После отставки своей Алексей перекочевал за границу со всеми накраденными богатствами своими, под бочок к своей Балетте. Накупил дворцов в Париже и других приятных городах и сорил золото, украденное у русского народа, на девок, пьянство и азартные игры, покуда не помер от «случайной простуды».

Прочитал я это, и вспомнился мне наш пастух, дядя Емельян. Утром, еще до солнышка, издалека слышался его добрый, чуть насмешливый сильный голос:

– Бабы, коров! Бабы, коров!

Как начинал слышаться этот голос весной, в мае, так радостно билось сердце: скоро лето!
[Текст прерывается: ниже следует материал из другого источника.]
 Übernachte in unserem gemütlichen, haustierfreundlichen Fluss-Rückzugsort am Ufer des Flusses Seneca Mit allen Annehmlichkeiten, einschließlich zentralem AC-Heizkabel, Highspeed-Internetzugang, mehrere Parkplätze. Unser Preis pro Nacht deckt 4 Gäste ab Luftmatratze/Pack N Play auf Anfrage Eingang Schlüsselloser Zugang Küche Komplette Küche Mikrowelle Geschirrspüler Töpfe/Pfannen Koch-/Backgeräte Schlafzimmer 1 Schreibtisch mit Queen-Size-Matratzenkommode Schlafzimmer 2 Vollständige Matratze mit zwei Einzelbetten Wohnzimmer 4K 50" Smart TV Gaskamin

Потом, позже, он не пастушил уже, стар стал, а любил ходить удить на Катунь. Я тоже любил удить, и мы, бывало, стояли рядом в затоне, молчали, наблюдая каждый за своими лесками. У нас не принято удить с поплавками, а надо следить за леской: как зачиркает она по воде, задрожит – подсекай, есть. А лески вили из конского волоса: надо было изловчиться надергать белых волос из конского хвоста; кони не давались, иной меринок норовит задом накинуть – лягнуть, нужна сноровка. Я добывал дяде Емельяну волос, а он учил меня сучить лесу на колене.

Я любил удить с дядей Емельяном: он не баловался в это дело, а серьезно, умно рыбачил. Хуже нет, когда взрослые начинают баловаться, гоготать, шуметь… Придут с неводом целой оравой, наорут, нашумят, в три-четыре тони огребут ведро рыбы, и – довольные – в деревню: там будут жарить и выпивать.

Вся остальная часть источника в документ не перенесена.